Records excerpted from a collection
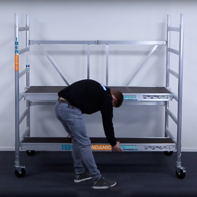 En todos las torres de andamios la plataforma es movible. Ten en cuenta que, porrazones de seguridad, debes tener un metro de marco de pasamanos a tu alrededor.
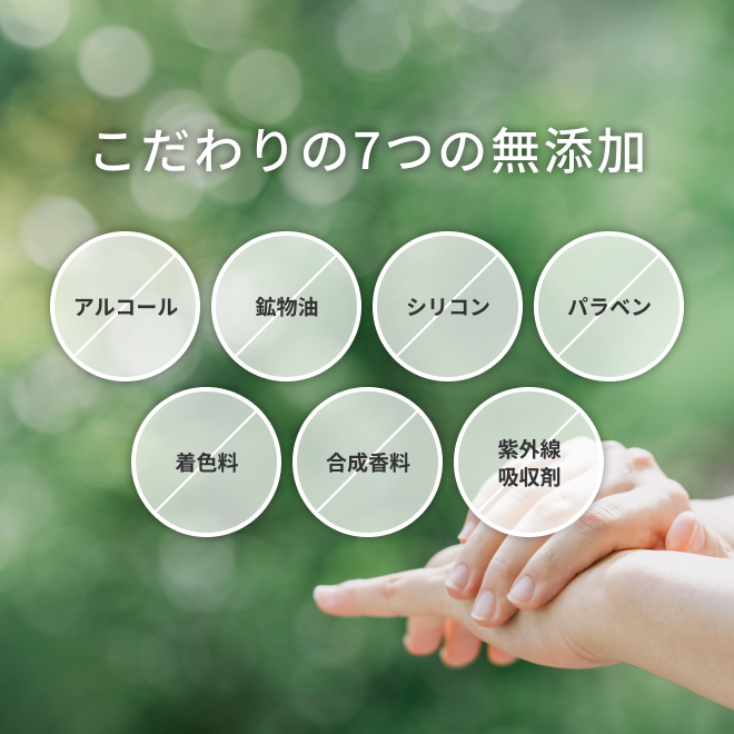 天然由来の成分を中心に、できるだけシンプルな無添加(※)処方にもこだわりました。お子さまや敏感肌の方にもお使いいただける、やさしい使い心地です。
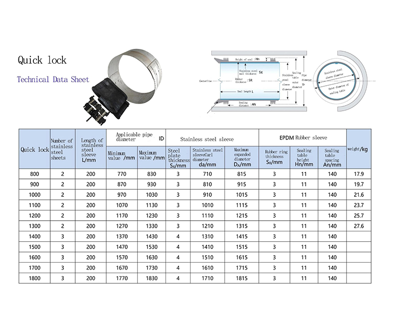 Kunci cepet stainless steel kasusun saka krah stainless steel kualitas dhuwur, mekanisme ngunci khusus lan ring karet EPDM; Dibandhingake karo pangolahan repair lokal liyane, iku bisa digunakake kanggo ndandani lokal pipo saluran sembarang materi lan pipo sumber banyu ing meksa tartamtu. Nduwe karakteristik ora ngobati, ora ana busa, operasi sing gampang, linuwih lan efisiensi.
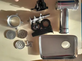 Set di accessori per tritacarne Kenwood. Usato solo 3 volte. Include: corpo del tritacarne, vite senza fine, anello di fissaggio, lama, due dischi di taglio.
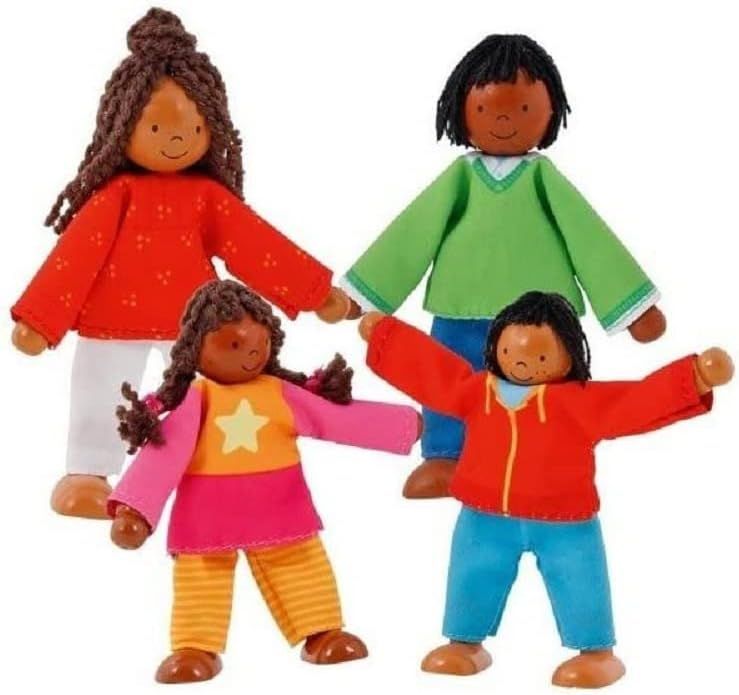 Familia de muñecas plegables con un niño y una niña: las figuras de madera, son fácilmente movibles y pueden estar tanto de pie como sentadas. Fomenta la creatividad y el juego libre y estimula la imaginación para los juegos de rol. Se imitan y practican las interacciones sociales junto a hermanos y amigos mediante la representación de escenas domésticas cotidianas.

Problem details:
With the pictures excluded, the line containing "Set di accessori" and every line after it through the end of the data above are to be transcribed exactly, and nothing more.

Reply to the task:
 Set di accessori per tritacarne Kenwood. Usato solo 3 volte. Include: corpo del tritacarne, vite senza fine, anello di fissaggio, lama, due dischi di taglio.
 Familia de muñecas plegables con un niño y una niña: las figuras de madera, son fácilmente movibles y pueden estar tanto de pie como sentadas. Fomenta la creatividad y el juego libre y estimula la imaginación para los juegos de rol. Se imitan y practican las interacciones sociales junto a hermanos y amigos mediante la representación de escenas domésticas cotidianas.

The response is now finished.